R. Paul Mihail :: Research Opportunities

I am always looking for hard working and motivated students who are interested in computational vision. Below is a list of potential research projects available to my students. Please come see me in my office (Nevins Hall, Room 2119) to discuss your interests and find a good project for you.

Structure from Motion with Plants
Structure from motion (SfM) is the problem of computationally recovering 3D geometry (as a point cloud or mesh model) from a set of 2D images. The pipeline consists of three main steps: feature detection, correspondence computation and bundle adjustment. Image features are used as input to the pipeline, so they can affect the output. Man-made objects have features that are geometrically easier to describe (e.g., corners, straight lines) and easier to match in image pairs under different transformations. Plants have complex geometry, and are often surrounded by other vegetation or otherwise complex background that make problem more difficult.
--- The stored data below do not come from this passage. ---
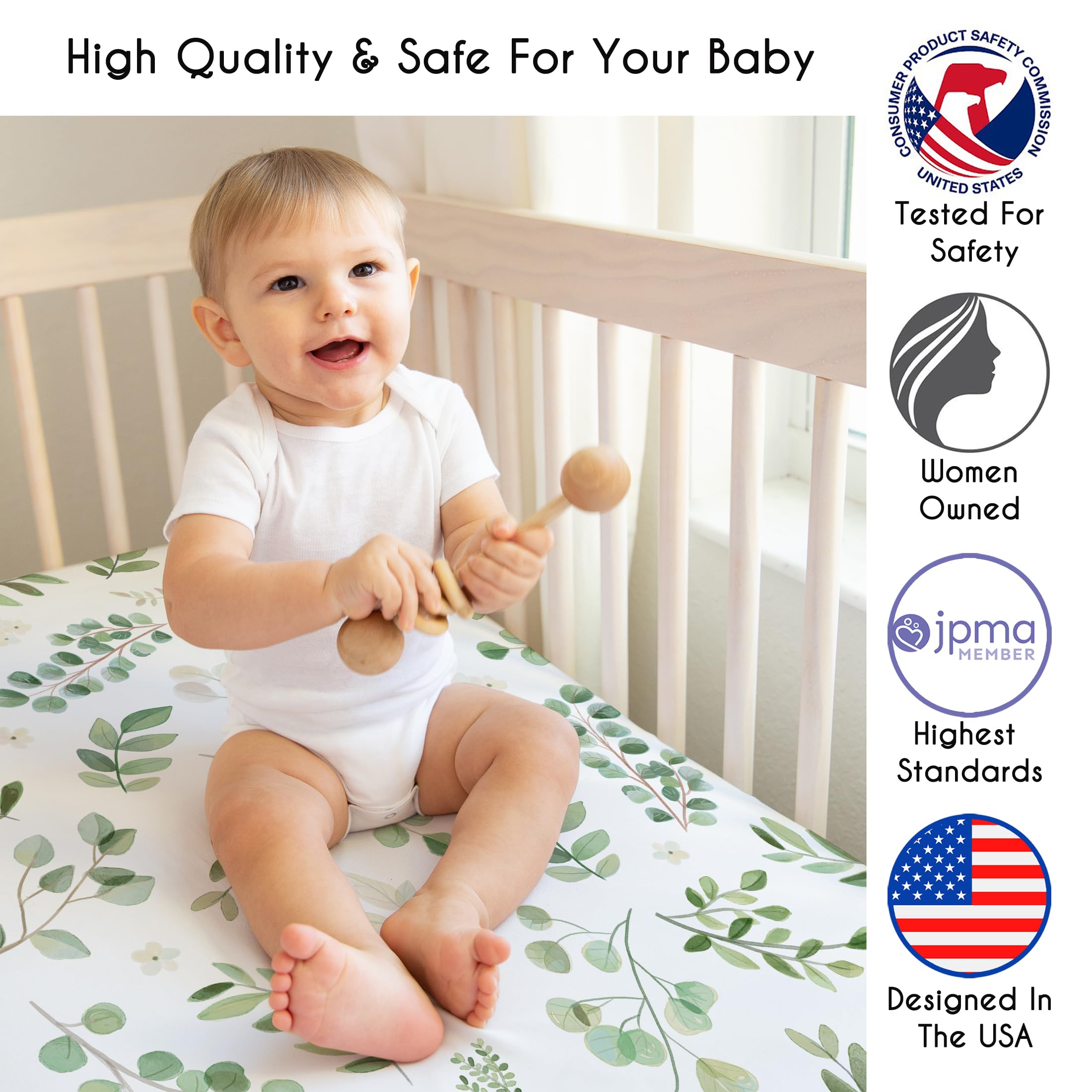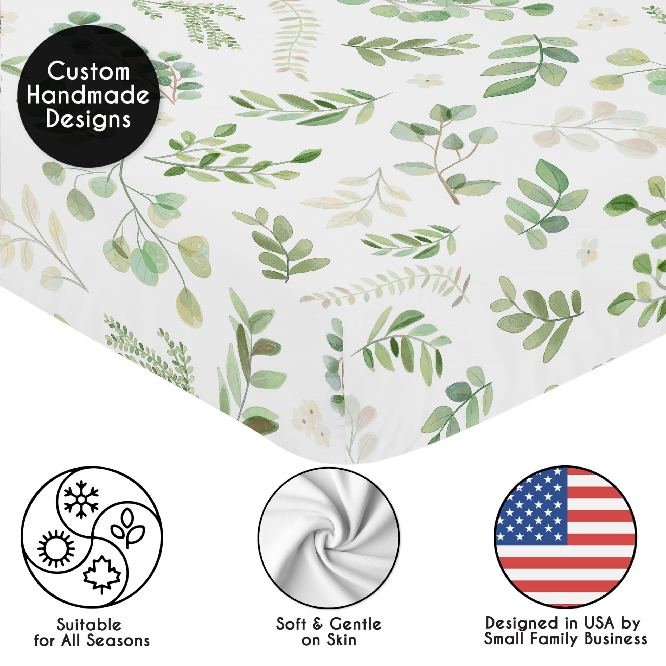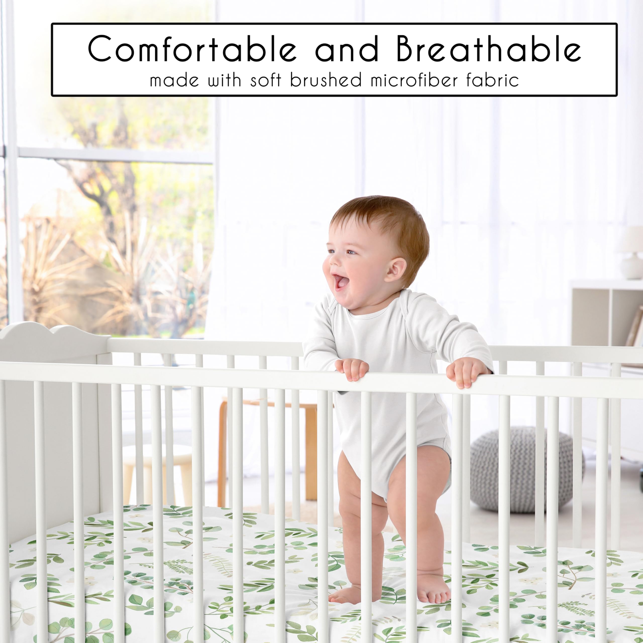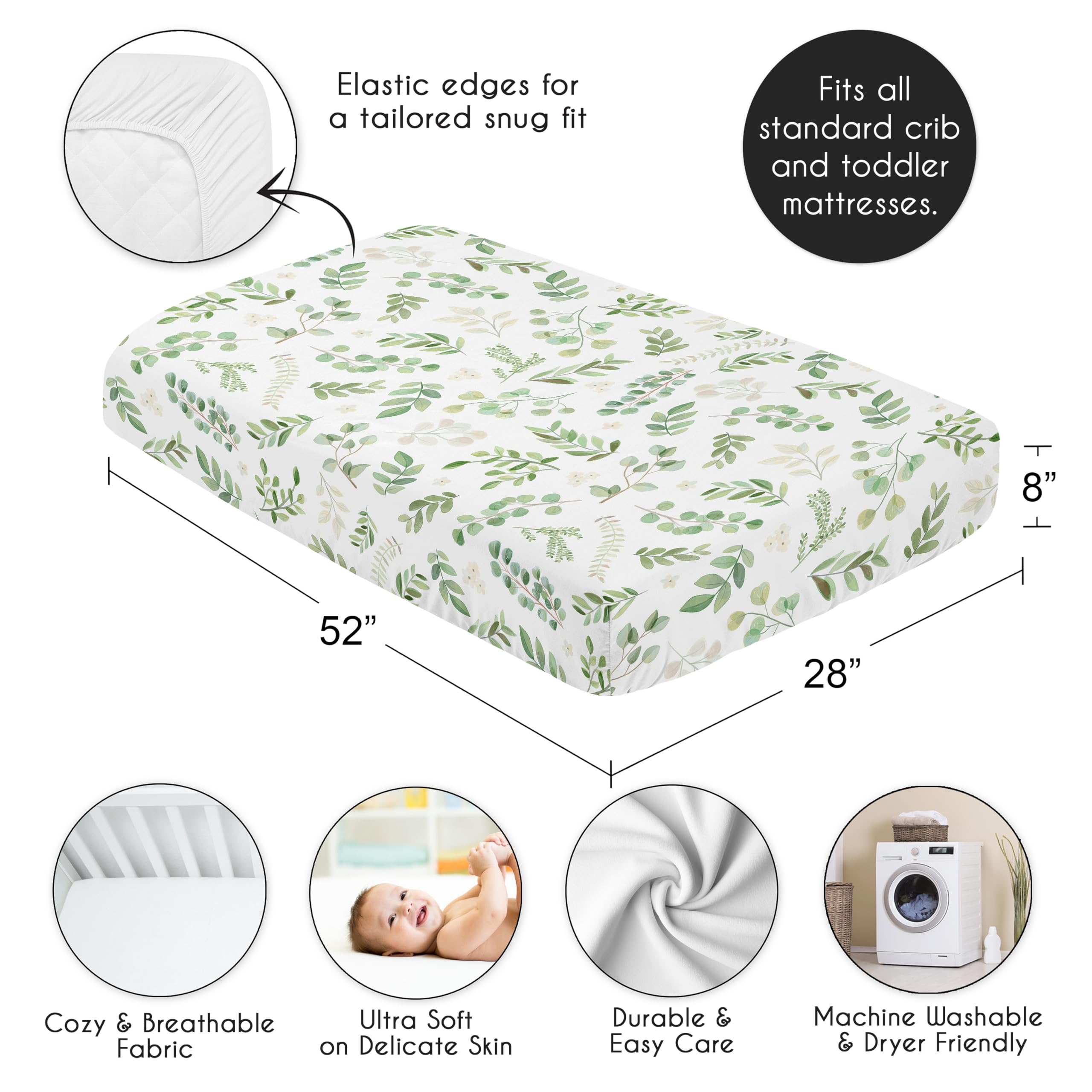 SNUG FIT: Includes (1) Fitted Crib Sheet 52in. x 28in. x 8in. Our newborn standard crib sheets fit snugly, with premium elastic sewn around the entire bottom edge for a secure fit on most standard sized cribs and toddler beds, to reduce shifting & bunching. This brushed microfiber crib sheet features a design of a gender neutral watercolor, sage green and white woodland, botanical, tropical, bohemian, garden leaf floral print & is gentle on delicate skin to foster a soothing sleep environment.
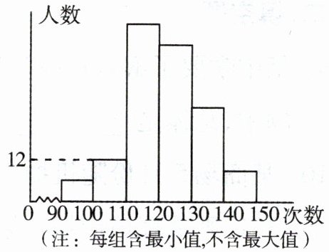 (1) 跳绳次数少于 100 次, 即第一组的频率为 $ 1 - 96\% = 4\% $, 即 0.04, $ 0.12 - 0.04 = 0.08 $, 所以这次共抽训了: $ 12 ÷ 0.08 = 150 $ (人).
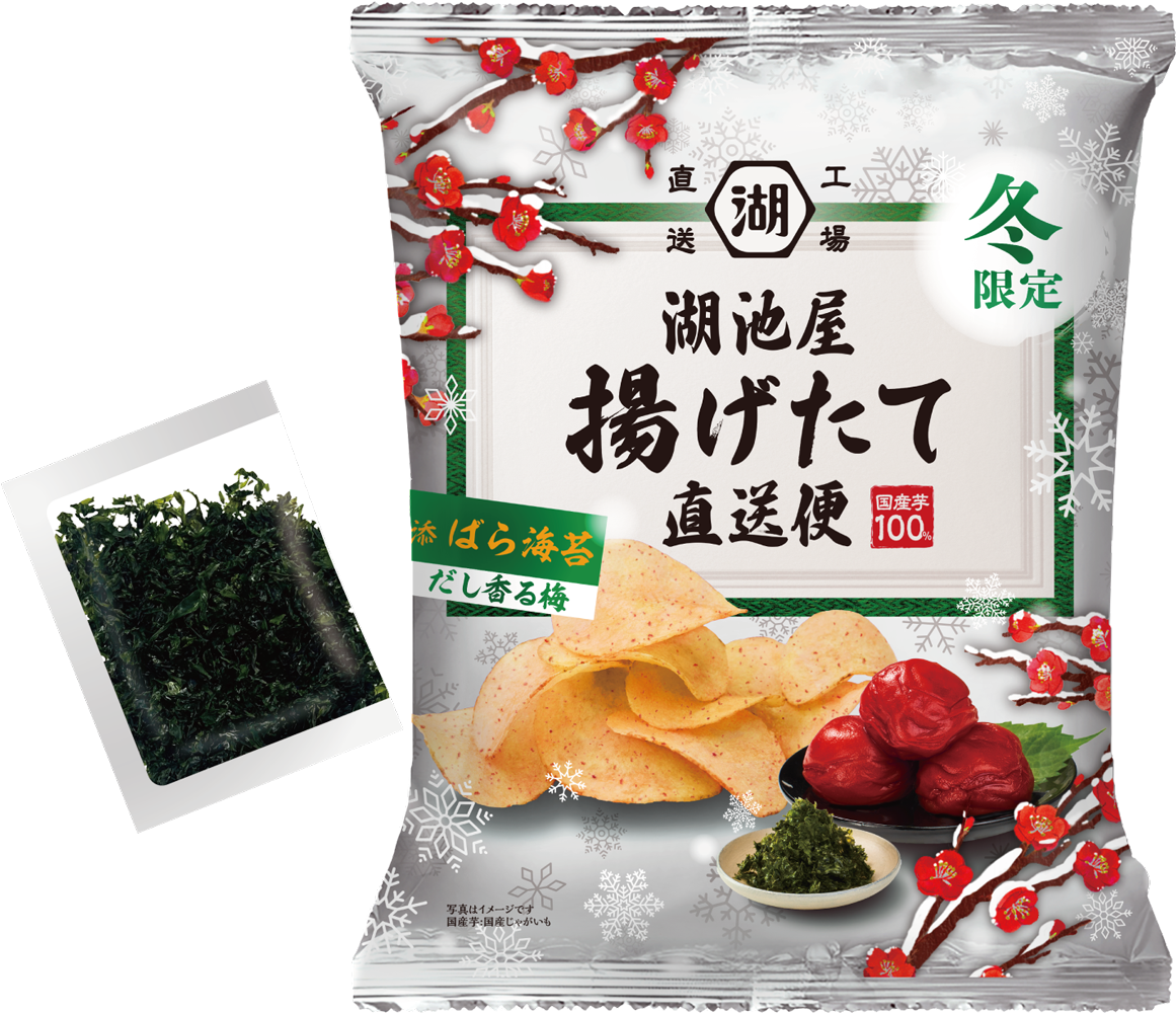 【冬限定!】日本の“冬”を“揚げたて”ポテトチップスで味わう「冬の揚げたて直送便 だし香る梅」湖池屋オンラインショップにて受注販売中
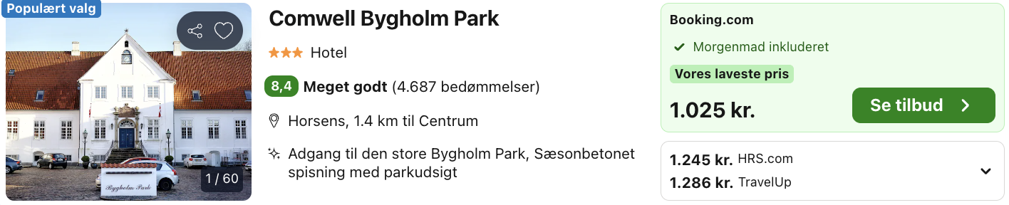 ![]() Bemærk: Den samlede pris for weekendopholdet er 1.025,- for 2 personer i et dobbeltværelse, hvilket svarer til 513,- per person.Rejs365 er ikke et rejsebureau, men en rejseside, der finder gode tilbud! – Vi modtager kommission, men det påvirker ikke din pris! Læs mere her |
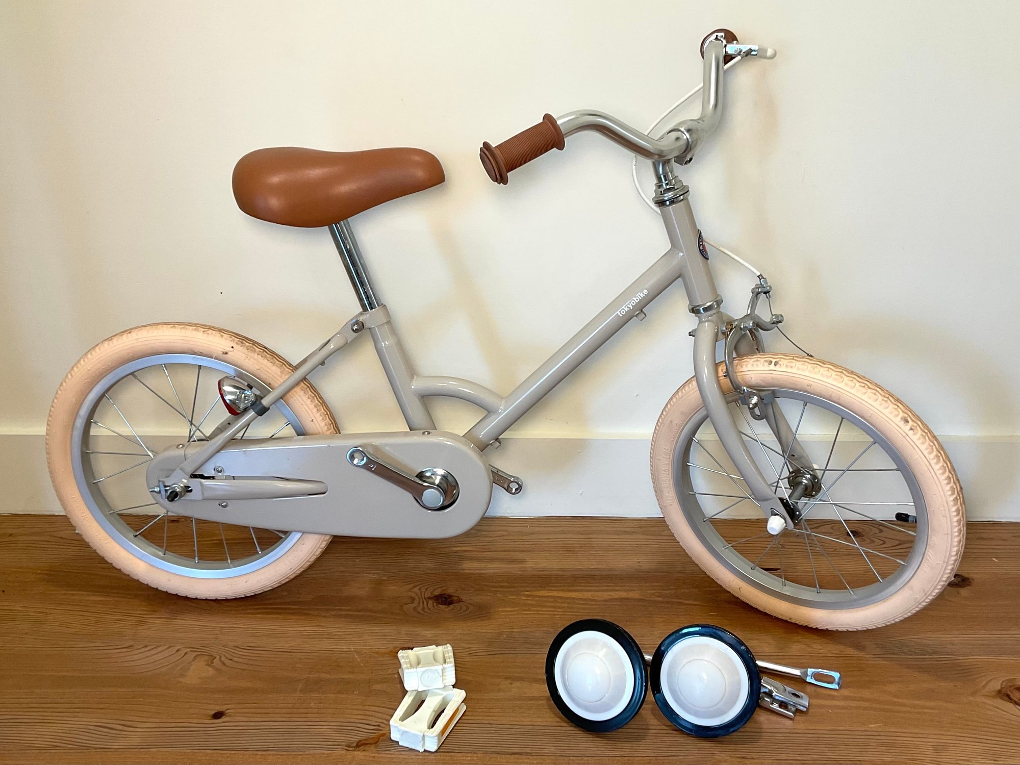 Practice as a push bike, add training wheels and pedals to this Tokyo Bikes youth bicycle, with hand break and chain guard. 15” tires

In this project we are investigating novel ways to improve the SfM pipeline with plants.
Plant labeling
Automatic object detection from static imagery is an important problem for machine vision. Current approaches involve automatic detection and computation of discriminative features in local image neighborhoods, followed by a global inference process about the existence and properties of the object of interest. The appearance of the objects influences the choices of features and algorithms to use. The initial focus of this project will be to accurately detect and recognize a few species of plants found in the Lake Louise Research Station. Of particular interest and use by cross-disciplinary researchers is Spanish moss.